Bleeding Dreams: How Prosperity Party’s Failed Policies Are Destroying Ethiopia’s Youth Future
By: Abyot Alemu
Ethiopia’s youth, once heralded as the engine of the nation’s development, are now trapped in an unforgiving cycle of economic despair, political alienation, and mass exodus. The tragedy is not an accident—it is the direct product of the Prosperity Party’s misguided policies, systemic corruption, and cynical manipulation of public resources. In a country where over 70% of the population is under 30, the ruling party’s negligence and incompetence have become an existential threat to the nation’s future.
University graduation, which should symbolize the beginning of a promising career, has instead become the gateway to a wasteland of joblessness. Thousands of graduates each year find themselves roaming cities, CVs in hand, knocking on doors that open only for those with the right political connections or family networks. Nepotism has infested every corner of the labor market—jobs are no longer won by merit, but by allegiance to the ruling elite or the payment of bribes. The result is a generation disillusioned, humiliated, and robbed of the dignity of work.
Unable to see hope at home, Ethiopia’s youth are risking their lives to cross deserts, seas, and borders in search of opportunity abroad.

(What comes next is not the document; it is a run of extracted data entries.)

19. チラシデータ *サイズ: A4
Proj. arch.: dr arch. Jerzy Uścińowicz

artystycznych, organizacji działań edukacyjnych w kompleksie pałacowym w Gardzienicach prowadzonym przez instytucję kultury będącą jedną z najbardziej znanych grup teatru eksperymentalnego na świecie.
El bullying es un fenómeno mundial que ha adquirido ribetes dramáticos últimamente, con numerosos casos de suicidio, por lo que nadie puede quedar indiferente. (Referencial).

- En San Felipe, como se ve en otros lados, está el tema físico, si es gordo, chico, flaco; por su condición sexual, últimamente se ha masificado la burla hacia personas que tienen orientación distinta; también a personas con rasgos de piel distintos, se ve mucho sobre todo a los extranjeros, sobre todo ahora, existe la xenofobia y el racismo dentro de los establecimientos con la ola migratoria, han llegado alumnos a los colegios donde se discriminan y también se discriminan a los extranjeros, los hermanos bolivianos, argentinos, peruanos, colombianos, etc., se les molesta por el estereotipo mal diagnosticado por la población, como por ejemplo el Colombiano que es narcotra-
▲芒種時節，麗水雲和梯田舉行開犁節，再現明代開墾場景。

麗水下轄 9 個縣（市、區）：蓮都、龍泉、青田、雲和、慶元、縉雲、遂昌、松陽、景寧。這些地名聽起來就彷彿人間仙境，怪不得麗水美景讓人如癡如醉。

The stories of young men and women drowning in the Mediterranean, dying of thirst in the Sahara, or being enslaved and abused in the Middle East are no longer exceptional tragedies—they are the predictable outcome of an economic system that has utterly failed them. The Prosperity Party, instead of confronting the structural causes of this crisis, has chosen to parade empty slogans and stage propaganda campaigns about “job creation” that produce temporary, low-quality, and politically driven employment schemes.
The regime’s failures are not limited to the economy. Politically, the government has dismantled democratic institutions, suffocated independent media, and turned the political space into a suffocating monopoly of the ruling party. Opposition parties are harassed, activists are jailed, and dissent is criminalized. This authoritarian grip is not only a moral failure—it is also a direct cause of economic stagnation. No nation can innovate, attract investment, or achieve sustainable growth when its governance is based on fear and exclusion.

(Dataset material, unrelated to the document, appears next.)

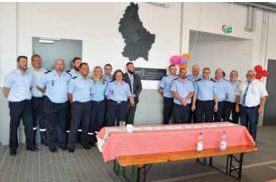
Die Delegation aus Mersch vor dem Geschenk

Strukturen zu fördern. „Arbeiten Sie erfolgreich für den Schutz und die Sicherheit der Bürgerinnen und Bürger zusammen und kommen Sie aus jedem Einsatz wohl behalten zurück“, so ihr Appell an die Wehren Rethen und Gleidingen. Als weitere Redner traten der Bürgermeister der Gemeinde Mersch Michel Malherbe, sowie Vertreter der befreundeten Wehren und der Kinder- und Jugendfeuerwehr auf. Bei dieser Gelegenheit enthüllte die Feuerwehr Mersch ihr Gastgeschenk, die Landkarte Luxemburgs in Stahl aus welcher die Gemeinde Mersch hervorsticht.
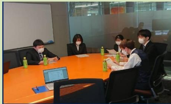
※新入社員研修(関東オフィス)

Corruption under Prosperity Party rule has reached epidemic levels. Public funds meant for infrastructure, education, and youth programs are diverted into the pockets of party cronies. Business licenses, land allocations, and government contracts are distributed not based on competence or public need, but as rewards for political loyalty. This perverse system not only discourages honest entrepreneurship but actively punishes those who try to play by the rules.

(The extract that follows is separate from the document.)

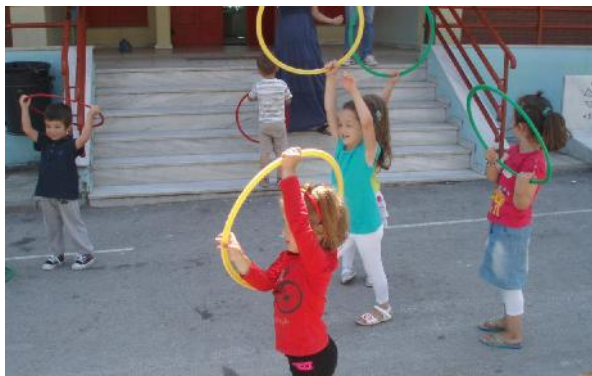
Φωτ. 5: Τα παιδιά μέσα από το παιχνίδι έρχονται σε επαφή με την ελληνική γλώσσα και αποκτούν κίνητρο να την κατανοήσουν.

παιδιά βασική επιδίωξη ήταν να θελήσουν να εκφράσουν σκέψεις και ιδέες στα ελληνικά, αλλά και να μπορούν να ανταποκρίνονται σε οδηγίες για την ανάπτυξη παιχνιδιών και δραστηριοτήτων που δίνονται στην ελληνική γλώσσα. Για λόγο αυτό χρησιμοποιήθηκαν ελκυστικά υλικά, τα οποία μαθαίνουν να αξιοποιούν για να αναπαραστήσουν π.χ. τα μέλη της οικογένειάς τους και να μιλήσουν γι αυτά, ή αναπτύσσονται παιχνίδια που οι οδηγίες για την ανάπτυξή τους δίνονται στην ελληνική γλώσσα. Στα λίγο μεγαλύτερα παιδιά δόθηκε ιδιαίτερη έμφαση στην ανάπτυξη της σχέσης με τα βιβλία. Σε αυτή την προοπτική διάβασαν και επεξεργάστηκαν βιβλία, αλλά και συζήτησαν σχετικά με τα βιβλία.

The educational system, another pillar of national development, has also been compromised. Underfunded, politicized, and poorly managed, universities churn out graduates without equipping them with the skills the job market demands. Vocational training is underdeveloped, and research institutions are starved of resources. The result is an economy flooded with paper qualifications but starved of practical skills, innovation, and productive capacity.
If this trajectory continues, Ethiopia will face not just a “youth problem” but a full-scale social explosion. History teaches us that no regime can indefinitely suppress the hopes and frustrations of its young people without facing consequences. The ticking time bomb of mass unemployment, political disenfranchisement, and migration will eventually detonate—with devastating effects for national stability.
Solutions do exist, but they require the political will that the Prosperity Party has consistently lacked. First, genuine job creation must replace propaganda. This means fostering a competitive, corruption-free business environment where small and medium enterprises can thrive. It means investing in manufacturing, technology, and agriculture in ways that actually benefit local communities rather than enriching a political elite. Second, the education system must be depoliticized and restructured to match the realities of the labor market, with a strong focus on skills development, entrepreneurship, and innovation. Third, political reform is non-negotiable: without democracy, transparency, and rule of law, no economic plan will succeed.
The ruling party will resist such reforms because they threaten its grip on power. But the alternative—continued decay, brain drain, and national collapse—is far worse. Ethiopia’s youth deserve a country that values their talent, rewards their effort, and protects their rights. That vision will not be delivered by the same party that has betrayed them for over a decade. It will come only through political change—change driven by an organized, informed, and fearless citizenry.
The choice before Ethiopia is stark: continue under Prosperity Party’s suffocating rule and watch the dreams of an entire generation bleed away, or take the bold step toward a democratic, just, and prosperous society. The youth are not just the future—they are the present. And the present demands action, not slogans.